Pearson is the world’s largest book publisher. Now it wants to be a one-stop shop for digital education.
November 23, 2012

Pearson should be among the walking dead of global media conglomerates, fatally wounded by the shift to digital media. Pearson is the world’s largest book publisher and dominates the market for textbooks, which are facing a competitive attack from inexpensive or even free course material online.

Headmaster: John Fallon, the head of Pearson’s international education business, will become the next CEO of the publishing company.

But education has been one of the last holdouts against the onslaught of computing and communications advances, and that’s given this 168-year-old company time to adapt. It grew sales in its education division by nearly 70 percent to $7 billion over the last four years, as profit margins also increased. That alone has lifted the company’s overall results as its other two main divisions—Penguin, a publisher founded in 1935, and the group that publishes the Financial Times—have grown more slowly.

Pearson pulled this off with a decade-long string of acquisitions that helped it shift its emphasis from selling books to selling education services. The London-based company styles itself as the “world’s leading learning company,” even if that learning isn’t delivered through traditional books. These days, Pearson is more like an IT department for classrooms and schools. It sells technology infrastructure, software, and consulting services to schools—services that in turn help deliver the vast stock of textbook content Pearson owns.

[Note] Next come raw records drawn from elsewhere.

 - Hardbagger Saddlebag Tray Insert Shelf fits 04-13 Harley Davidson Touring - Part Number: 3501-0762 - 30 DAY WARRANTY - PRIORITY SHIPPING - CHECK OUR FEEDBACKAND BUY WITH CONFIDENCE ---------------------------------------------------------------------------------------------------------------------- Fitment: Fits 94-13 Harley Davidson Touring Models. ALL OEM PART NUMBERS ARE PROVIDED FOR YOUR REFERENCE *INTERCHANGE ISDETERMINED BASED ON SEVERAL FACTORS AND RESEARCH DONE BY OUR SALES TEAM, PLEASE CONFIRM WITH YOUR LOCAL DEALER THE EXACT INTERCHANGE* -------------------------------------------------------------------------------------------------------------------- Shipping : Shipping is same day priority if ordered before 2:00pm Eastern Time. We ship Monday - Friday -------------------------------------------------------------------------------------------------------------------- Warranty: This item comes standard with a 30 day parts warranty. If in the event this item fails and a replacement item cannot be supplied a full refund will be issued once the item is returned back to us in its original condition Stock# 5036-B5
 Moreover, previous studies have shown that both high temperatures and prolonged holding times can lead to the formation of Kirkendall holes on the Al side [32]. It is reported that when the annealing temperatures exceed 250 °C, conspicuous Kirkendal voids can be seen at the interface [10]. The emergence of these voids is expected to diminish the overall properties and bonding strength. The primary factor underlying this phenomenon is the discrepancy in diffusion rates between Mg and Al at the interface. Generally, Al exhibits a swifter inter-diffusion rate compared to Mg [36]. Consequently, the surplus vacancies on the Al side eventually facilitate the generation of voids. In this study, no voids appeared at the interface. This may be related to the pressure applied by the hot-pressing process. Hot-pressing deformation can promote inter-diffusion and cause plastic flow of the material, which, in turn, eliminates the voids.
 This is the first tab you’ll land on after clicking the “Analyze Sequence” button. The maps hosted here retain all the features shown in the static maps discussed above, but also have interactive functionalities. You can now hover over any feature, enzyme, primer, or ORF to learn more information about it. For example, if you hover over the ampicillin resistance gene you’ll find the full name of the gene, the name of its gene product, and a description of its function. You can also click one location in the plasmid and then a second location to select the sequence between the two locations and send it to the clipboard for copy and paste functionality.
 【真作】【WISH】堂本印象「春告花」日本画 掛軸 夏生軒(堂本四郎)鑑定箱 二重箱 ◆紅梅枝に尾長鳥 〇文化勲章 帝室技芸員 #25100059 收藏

The company says its revenue from online content and services will surpass those of the traditional publishing business this year.

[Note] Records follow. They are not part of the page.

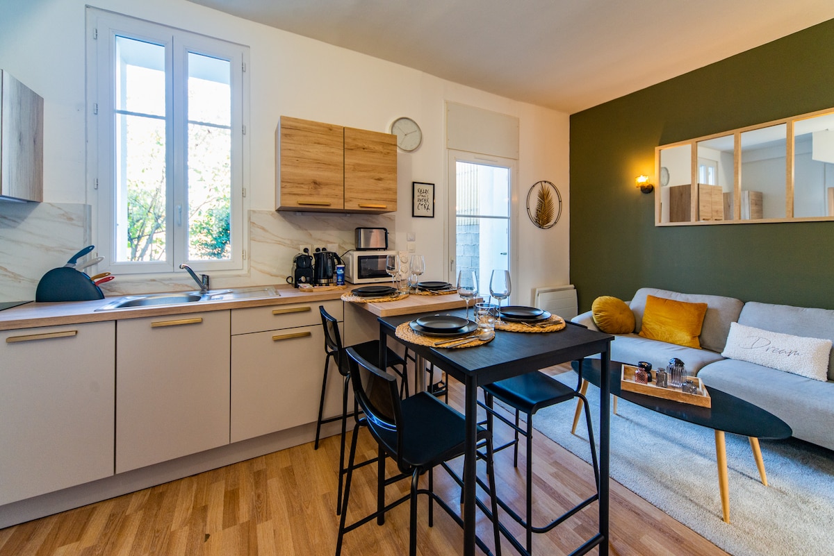 Tours'un tarihi merkezinin kalbinde, Nisan 2025 'te yenilenen, 15. yüzyıldan kalma bir binada yer alan büyüleyici daire. Güzel cepheleri ve dar sokakları ile en güzel semtte yer alan Place Plumereau, restoran, mağaza ve Tours'un dikkat çekici yerlerine yakındır. Her şey 5 dakika içinde yürüme mesafesinde. Yatak takımı, parlaklığı, konforu, dekoru ve konumu nedeniyle bu rahat yuvayı takdir edeceksiniz. Romantik bir kaçamak veya iş seyahati için idealdir.
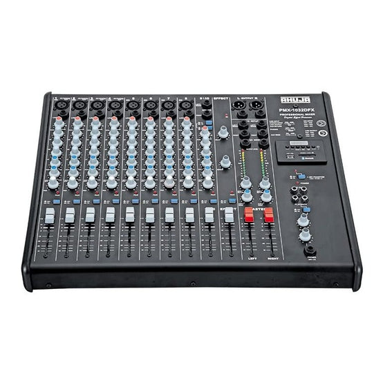 - Precise Controls: Features high precision 60mm slide faders, individual channel ON/OFF switches, and LED peak indicators.
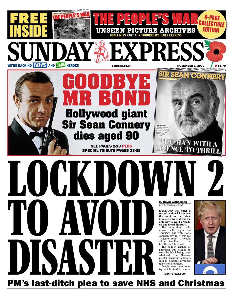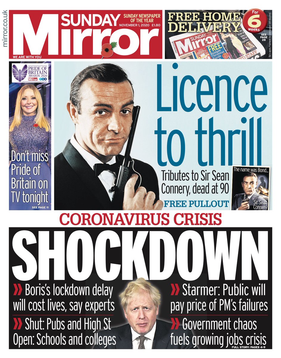 The Sunday Mirror splits its front page between the new lockdown and the death of Sir Sean Connery.
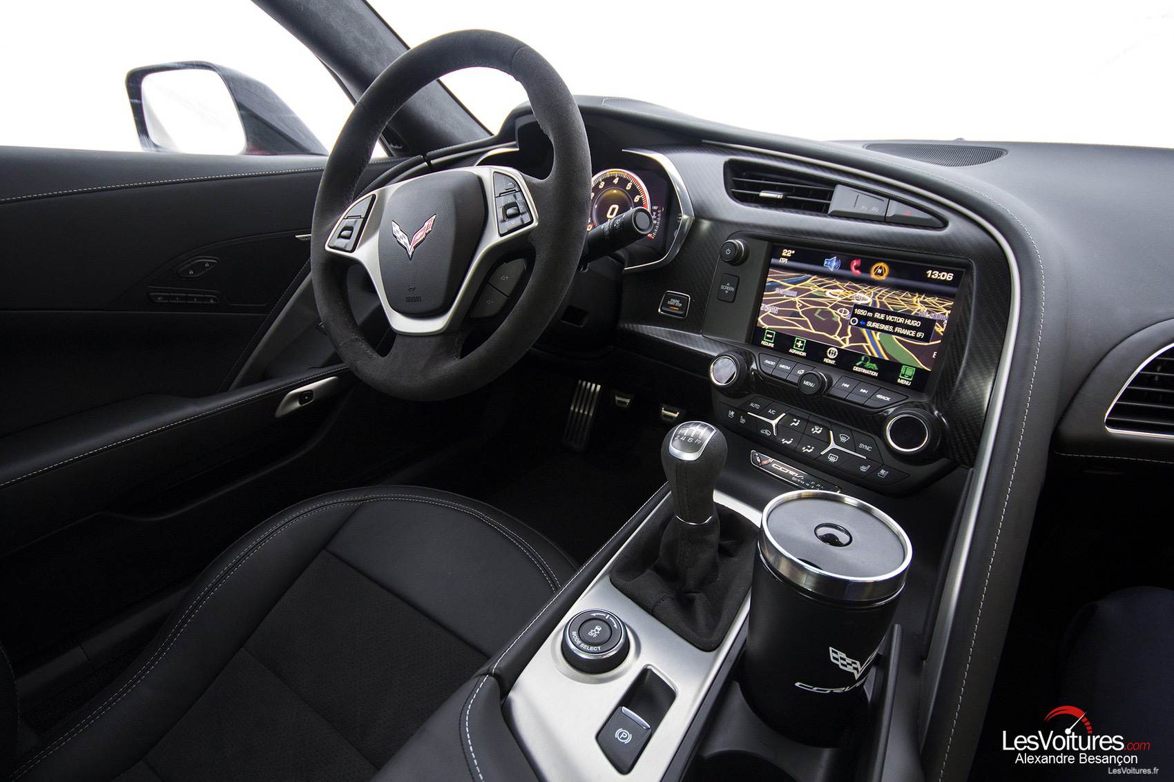 Avant de conclure notre reportage et pour être tout à fait complet, concentrons-nous sans transition sur l’intérieur de la C7 Stingray. Comme pour le design de la Supercar, c’est un nouveau bond en avant réalisé par les ingénieurs et stylistes américains. Les finitions sont impeccables et l’austérité, pour ne pas dire autre chose, des anciennes générations de Corvette est enfin de l’histoire ancienne. Les sièges procurent une position idéale et un confort ultime qui nous a clairement surpris. Les équipements de bord sont pléthores, la Corvette C7 n’a pas à rougir, sans faire de jeu de mot, face à la concurrence européenne. L’habitacle de la Supercar dégage un tempérament sportif et élégant grâce à la continuité de la planche de bord qui se poursuit jusqu’à la base de la console centrale, tout près de notre mug de compétition ! Si on devait trouver un seul défaut à la finition, ce serait peut-être les parties en carbone au rendu un peu trop brut qui mériteraient un traitement plus haut de gamme, brillant. L’électronique est parfaitement intégrée et l’ergonomie ne souffre d’aucun défaut. Les yeux fixés à l’horizon, le dispositif HUD vous donnera toutes les informations utiles.

The company says it thinks that nearly half of U.S. K-12 schools use at least some Pearson software, ranging from its student information systems that let schools track kids’ schedules to “learning management systems” that help teachers construct lessons.

Universities are also expanding their online course materials, offering courses over the Internet both for enrolled students and through free “massive open online courses” for anyone around the world. But setting up and running the required infrastructure isn’t a job colleges want to do themselves. So this fall, Pearson spent $650 million to buy EmbanetCompass, a startup with technology that helps universities launch online courses.

California State University, the nation’s largest four-year university system, with 427,000 students, hired Pearson to launch some distance-learning course options in 2013. Professors will use Pearson’s system to post class material for students who can’t make it to the lecture. The company, not the university, will field technical questions from students. The Cal State system, which has seen budgets cut by 40 percent in the past few years, is betting that technology will let it stretch its resources. Mike Uhlenkamp, a spokesman for the chancellor’s office, says that by putting courses online, the California schools might reduce dropout rates and eventually admit more students.

Pearson can also make money from online education even when it doesn’t have anything to do with the underlying technical infrastructure. For example, students in MOOCs offered by Udacity and MIT’s edX will be able to affirm their mastery of a subject by taking proctored exams in physical testing centers run by a Pearson unit known as Pearson VUE. Pearson oversees more than 4,000 such centers around the world.

The company’s size could be especially important in emerging markets where the demand for education technology is “insatiable,” says Deborah Quazzo, president of GSV Advisors, a consulting firm to education technology startups. In fact, in October Pearson said that its next CEO would be John Fallon, the executive who currently leads the company’s international expansion in education. Pearson has more than 6,000 employees in Brazil and China, out of 41,000 total. It operates English training centers in China; in Brazil, Pearson has a business of sistemas, or “school systems.” It designs the curriculum, trains teachers, and provides instructional technology—everything short of actually running the school and hiring staff.

Then there’s the Pearson content itself—the musty textbooks, the Penguin classics, the dictionaries that used to sit on classrooms shelves but now are just as frequently available on Kindles or iPads. As part of its digital strategy, Pearson recently launched a program that lets software developers pay a standard fee to have their online applications access content in Pearson’s stable. In the past, the developers may have been required to wade through months of negotiations. “This is like business development 2.0,” says Juan Lopez-Valcarcel, chief digital officer of Pearson’s international programs. “It’s nothing revolutionary for any technology company, but it is when you’re coming from an education background.”